2colours commented 11 months ago

I think this issue is getting fragmented.

The original issue that I responded to was about $/ acting as a hidden, internal parameter in the parsing process. Note that the code had no appearances of $/, yet it was affected by the scoping of that variable. That's an implementation topic.

The more recent comments were about how $/ works when somebody actually and deliberately uses it. That's more of an interface-level topic.

Let's decide which issue is the one discussed here. Another issue can be opened for the other phenomenon.

(Honestly, since the original code snippet doesn't have $/ as a part of any interface, I tend to think that the original topic should be treated as a mere bug, even if it has implications for existing code for some reason. Perhaps it shouldn't.)

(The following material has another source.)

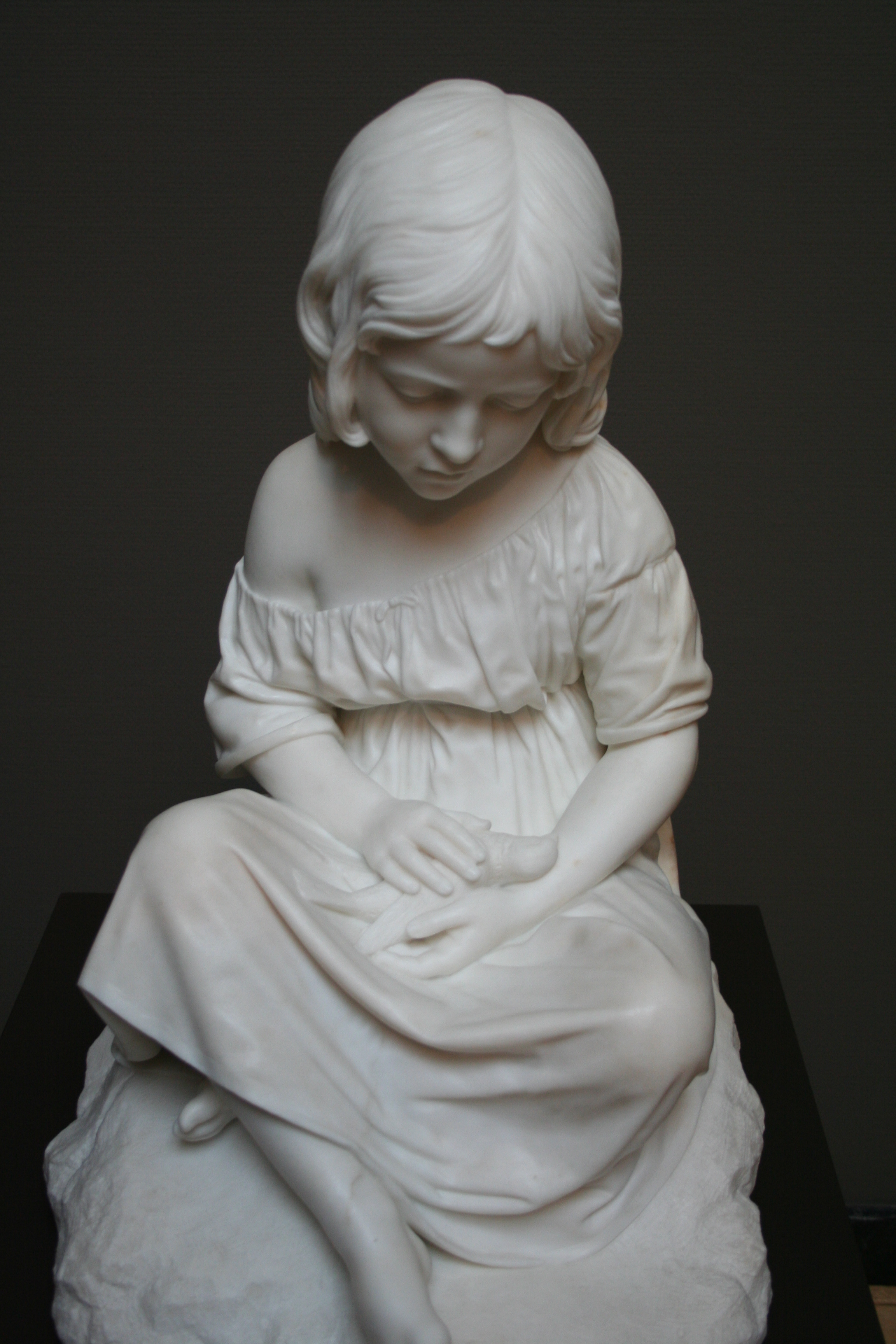 Little girl with a dead bird , Jens Adolph Jerichau, Ny Carlsberg Glyptotek

lizmat commented 11 months ago

The title stated the subject. The G.parse was just a part of the problem, which is now fixed in 6.e by not letting Grammar.parse set $/ anymore.

jubilatious1 commented 11 months ago

Do we need a @/ Array for Grammars?

lizmat commented 11 months ago

@jubilatious1: no

2colours commented 11 months ago

which is now fixed in 6.e by not letting Grammar.parse set $/ anymore

The problem was less the setting of $/ and more the internal reading of it, though. Of course this can be radically solved by eliminating all internal references to $/ but that doesn't seem necessary, as long as the implementation only uses $/ as an output value. Or what am I missing?

vrurg commented 11 months ago

I would stick to the state of affairs where in 6.e $/ is not set. Because it brings in more problems than it solves.

As far as I understand, most concern with removal of $/ is $<match> syntax. I personally don't see a big deal in something like:

if /.../ -> $m { say $m<match> }

But as long as we give special meaning to the topic variable, we can give it to $/ as well, except that it would have been explicitly declared:

if /.../ -> $/ { say $<match> }

If things go for dropping it out then I wouldn't care much about the bugs in 6.c and 6.d. They could be documented for the sake of clarity.

If $/ is preserved then best if it becomes block-local default where a regex is used:

sub foo {
    # my $/
    if condition() {
        # no $/ 
        @a.map({ #`{ my $/ } /.../ });
    }
}

I.e. the block within map gets its own lexical $/.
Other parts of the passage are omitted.